Andy Kohlberg
- Country (sports): United States
- Born: August 17, 1959 (age 66) New York City, United States
- Height: 5 ft 10 in (1.78 m)
- Turned pro: 1979
- Retired: 1988
- Plays: Left-handed
- Prize money: $169,395

Singles
- Career record: 15–38
- Career titles: 0
- Highest ranking: No. 142 (February 24, 1986)

Grand Slam singles results
- Australian Open: 1R (1982)
- US Open: 1R (1979, 1980, 1981, 1985)

Doubles
- Career record: 90–100
- Career titles: 1
- Highest ranking: No. 26 (July 3, 1988)

Grand Slam doubles results
- Australian Open: 1R (1982)
- French Open: 2R (1980)
- Wimbledon: 3R (1985, 1987)
- US Open: QF (1985)

= Andy Kohlberg =

American tennis player

Andy Kohlberg (born August 17, 1959) is an American former professional tennis player who serves as president of Spanish football club Mallorca.

Kohlberg enjoyed most of his tennis success while playing doubles.

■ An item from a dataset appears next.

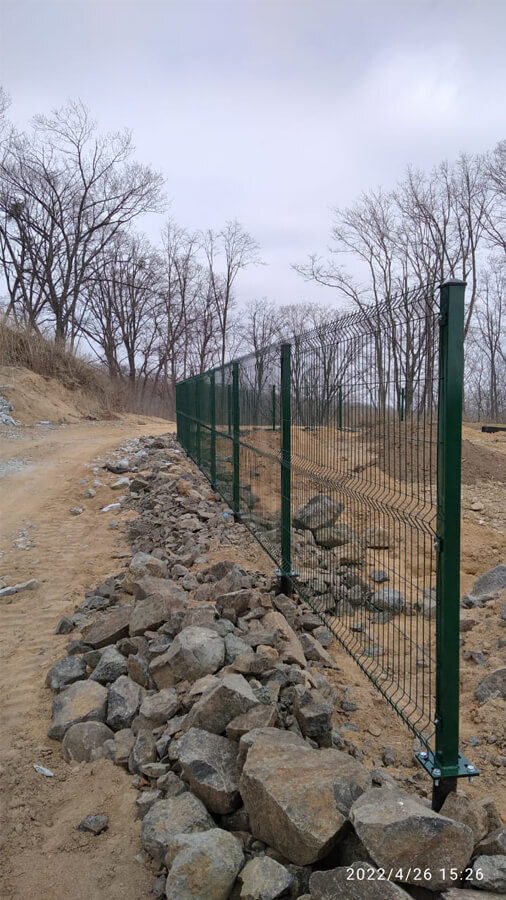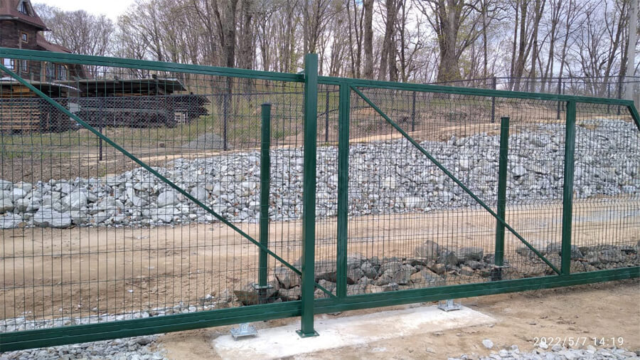Изготовить забор 3D, ворота зеленого цвета, высотой 1,5 метра с диаметром прудка 4 мм. Монтаж забора 3D, монтаж габионов.
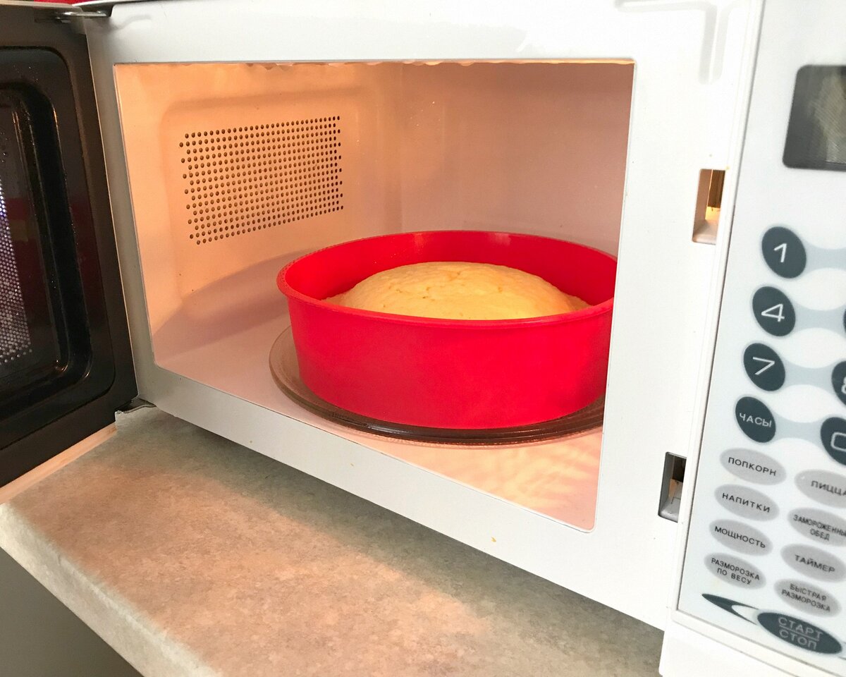 Если нет возможности испечь бисквит для торта в духовке или мультиварке, на помощь придёт этот рецепт. Такой бисквит отличается от традиционного из духовки и по составу, и по структуре, но несмотря на это вполне выдерживает конкуренцию. Очень даже достойный вариант для приготовления торта. Учитывая, что готовится он всего 6 минут — этот рецепт вообще подарок. Ингредиенты: Сахар — 5 ст. л. Яйцо — 2 шт. Мука — 8 ст. л. Молоко — 5 ст. л. Растительное масло — 5 ст. л. Разрыхлитель — 1 ч.л. Данное количество ингредиентов рассчитано на форму диаметром не больше 18 см. Если форма больше, количество ингредиентов, и соответственно время приготовление нужно увеличить. Приготовление: Всё смешиваем венчиком до однородной массы. Вот и всё, тесто готово. Выкладываем тесто в силиконовую форму и убираем в микроволновку. Готовим бисквит 6 минут при мощности 700 Вт. Сначала ничего не происходит, но уже после третьей минуты бисквит начинается подниматься от краев к центру. Вытаскиваем бисквит из форм

During his career he won 1 doubles title. He achieved a career-high doubles ranking of World No. 26 on March 7, 1988.

Kohlberg, with long-term business partner, Robert Sarver, is vice chairman, co-owner of Phoenix, Arizona NBA franchise Phoenix Suns.

Kohlberg, Steve Nash and Steve Kerr co-own club Mallorca.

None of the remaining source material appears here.